The village was gone.

Where once stood the banners of the Kagemura clan, there was only ruin.

Charred beams. Crumbling walls. A sky the color of dying embers.

I walked slowly through it, my footsteps sinking into soot. Every sound I made felt like a trespass — a living thing disturbing the sleep of the dead. The air was heavy with the scent of burnt cedar and salt, the perfume of old fires that refused to fade.

A part of me had always known this was what I would find.

But knowing does not soften the pain of seeing it.

We passed the old training grounds — or what was left of them. Wooden dummies were gone, reduced to blackened stumps. The sparring mats were nothing but charred leather scraps.

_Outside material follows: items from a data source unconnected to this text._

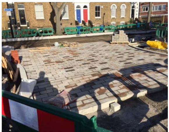
Lynton Road/Chaucer Drive in LB Southwark, part of Q1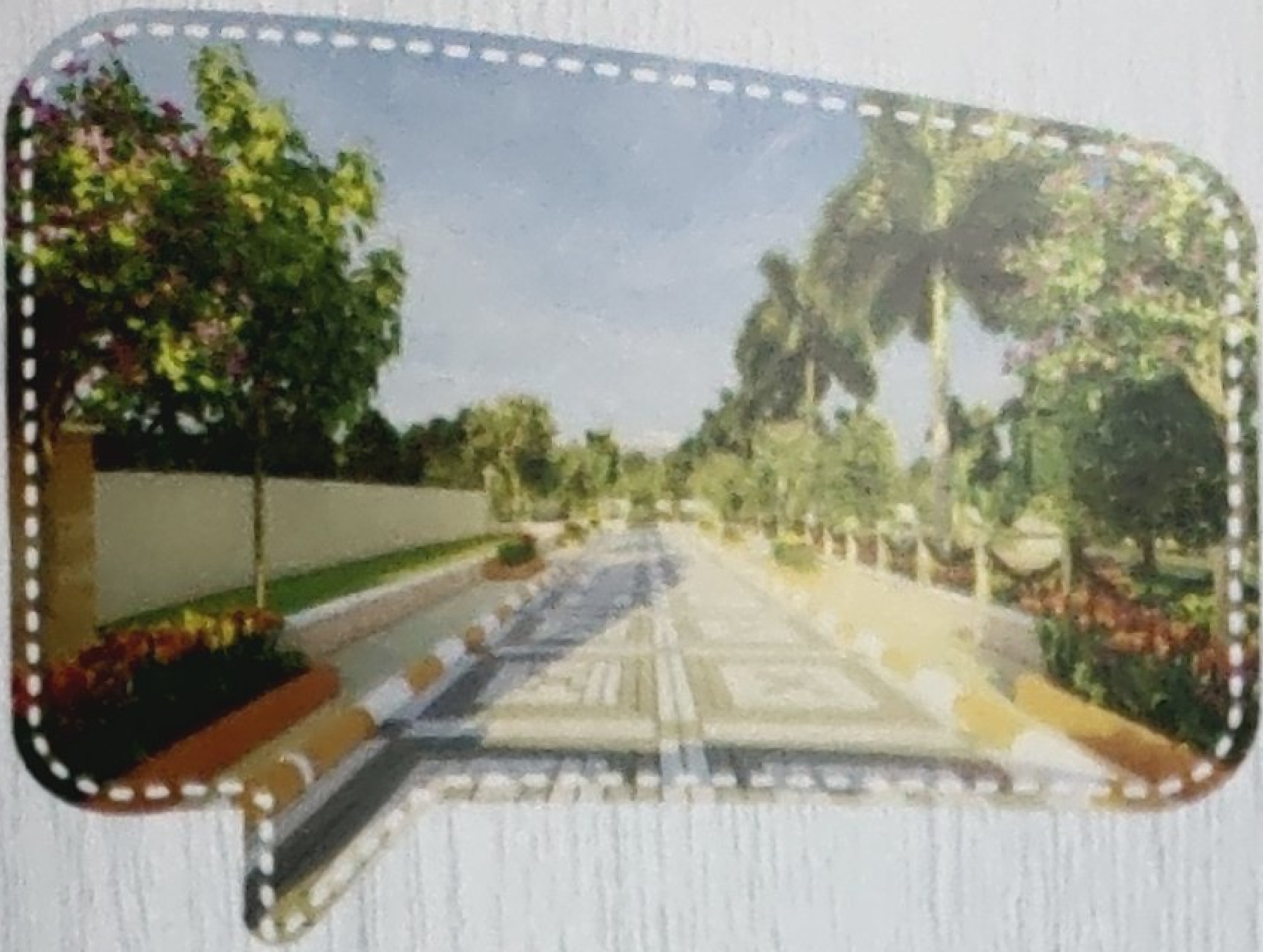
Interlock Tiles Block Road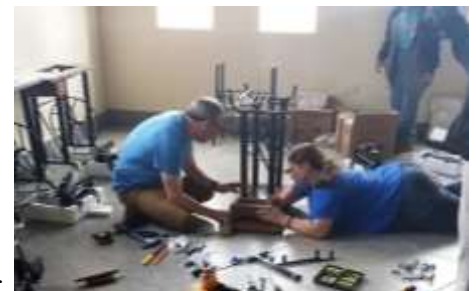
The machines had to be assembled

Sewing Ministry: From the planning stages to reality! We have purchased and assembled 6 sewing machines! Thanks to you (our partners!) Five ladies and one man have been selected based on their need and will be taught how to sew! We have help for them to sell their finished products, which will provide the means for them to purchase their sewing machine and take it home to start their own business!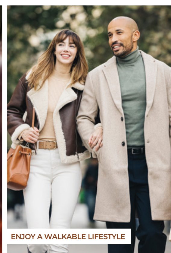
ENJOY A WALKABLE LIFESTYLE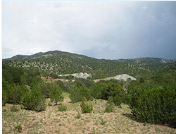
Waldo mine - no trespassing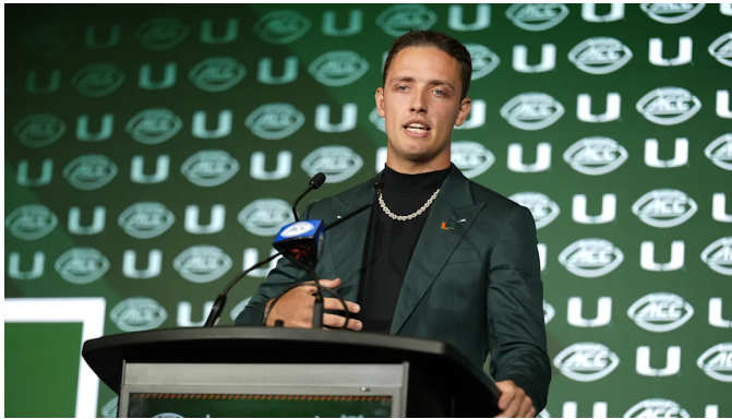
Jul 22, 2025; Charlotte, NC, USA; Miami quarterback Carson Beck answers questions from the media during ACC Media Days at Hilton Charlotte Uptown.

The ACC became the final Power Four conference to release its media poll as last week's media days ended. Where do Notre Dame's six opponents rank and how tough are they, at least in the eyes of the media?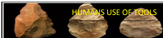
HUMANS USE OF TOOLS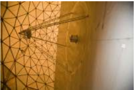
The sub-reflector and dish frontsurface.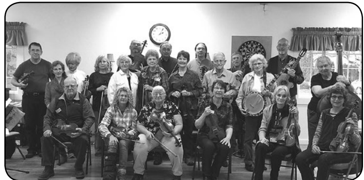
The District 6 fiddle class in December at River Road in Eugene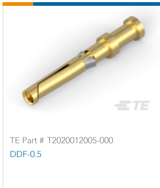
TE Part # T2020012005-000 DDF-0.5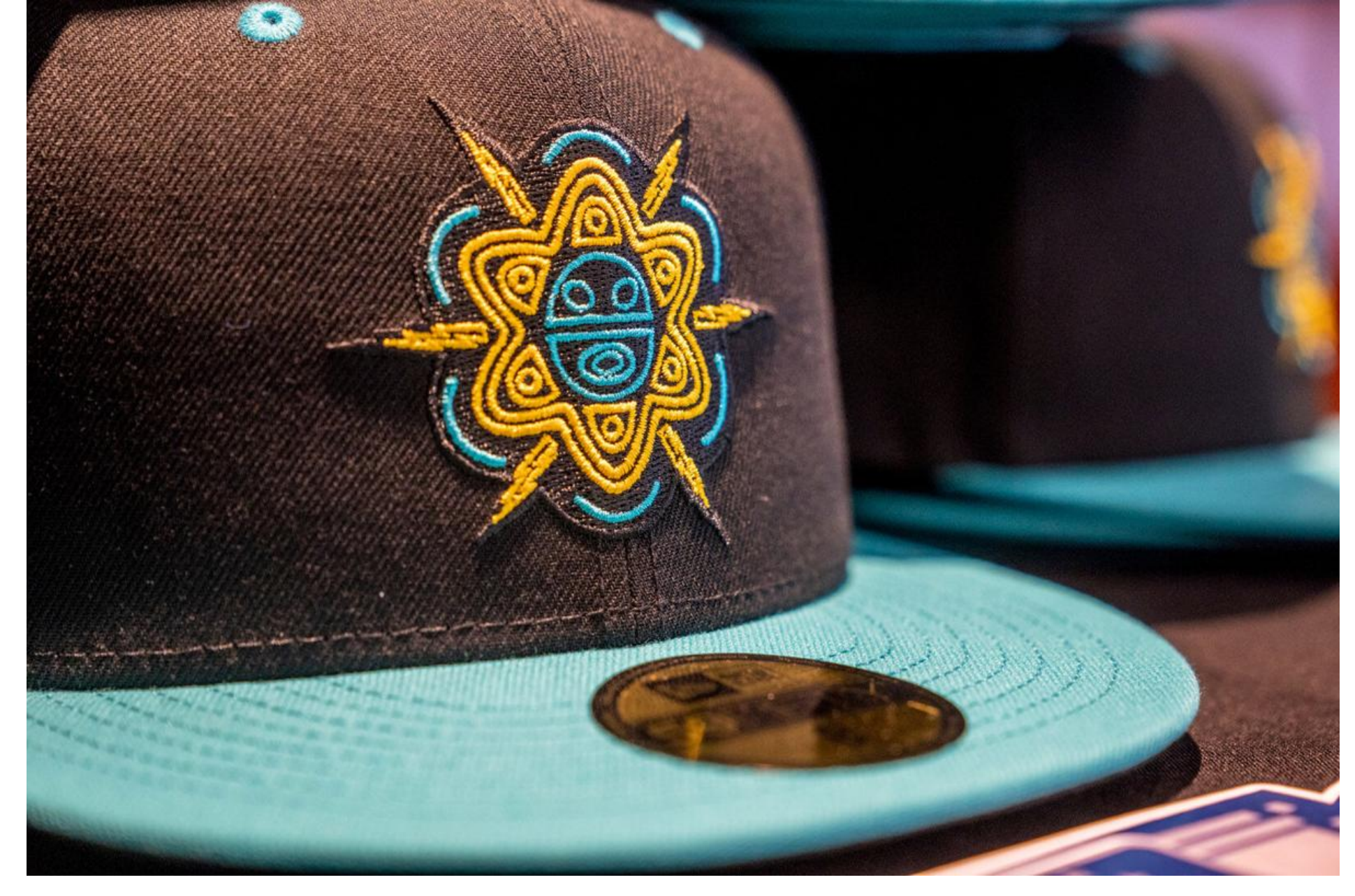
Buffalo Bisons unveil 'Luces de Buffalo' logo/team name/cap.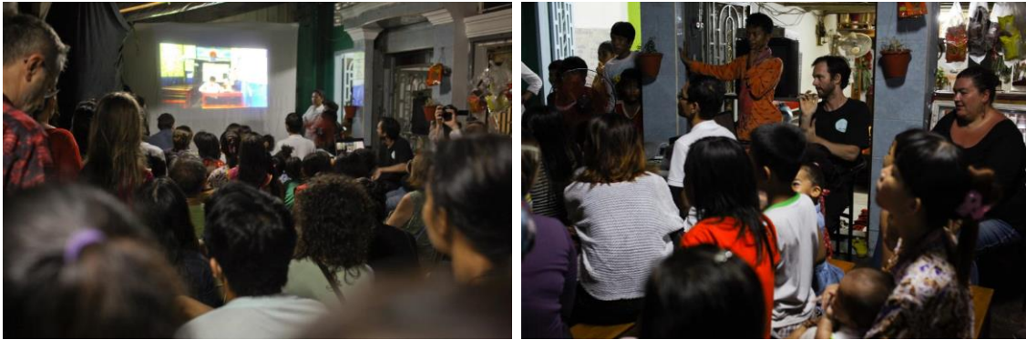
L-R: the café cinema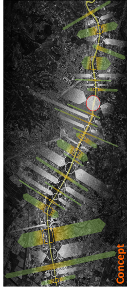
Figure 1 (a sinistra) Vista dal fiume Arno verso l'area di progetto. Figure 2: (in alto e in basso) Schemi concettuali per il sistema Ecomuseo dell'Arno.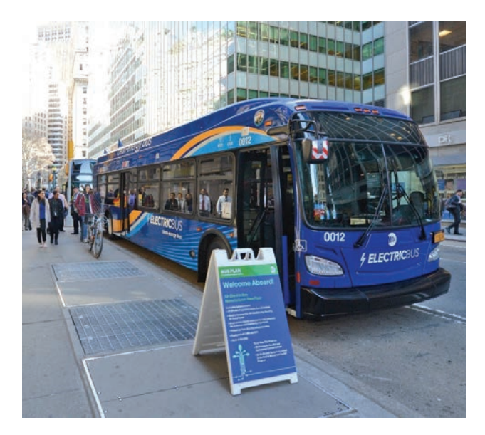
New Flyer electric bus outside MTA Headquarters, New York City, April 2018.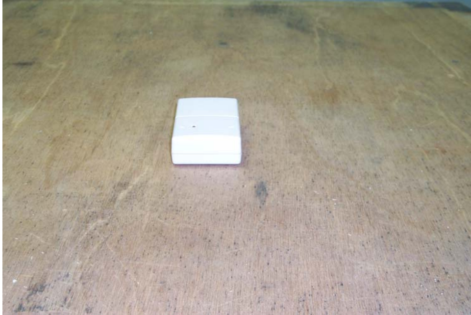
Radiated Test Setup, Position 1-X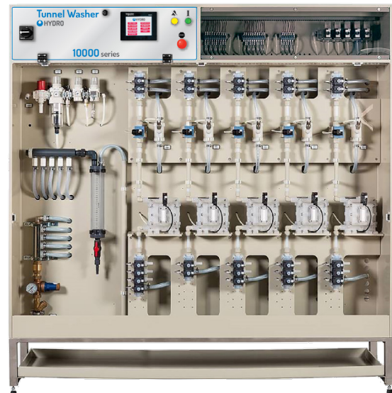
5-Channel Tunnel Configuration Model Numbers: HYDSPD0035 (US), HYDSPD0035M (Metric)

All Hydro Tunnel Washer units have the ability to communicate remotely through Hydro Connect. This means clients can access reporting information and make configuration changes remotely from any global location with an internet connection versus making costly site visits. Users report saving up to 90% in maintenance costs as a result.

A broken naginata lay half-buried in the ash, its blade curled from heat.

The wind hissed low through the ruin, carrying ashes across the ground like snow. For a moment I thought I saw the flicker of movements — the shadows of students sparring, children chasing each other with wooden swords. But they vanished when I blinked, leaving only silence.

"This place…" the shrine maiden whispered. "It remembers you."

I stopped, glancing back at her. She stood at the edge of the path, her white robes glowing faintly in the dusk. Her eyes traced the burned rooftops with the same sorrow a priest gives a corpse.

"Memories aren't what I came for," I said. "I came for truth."

Her voice softened. "Truth and vengeance often share the same blade."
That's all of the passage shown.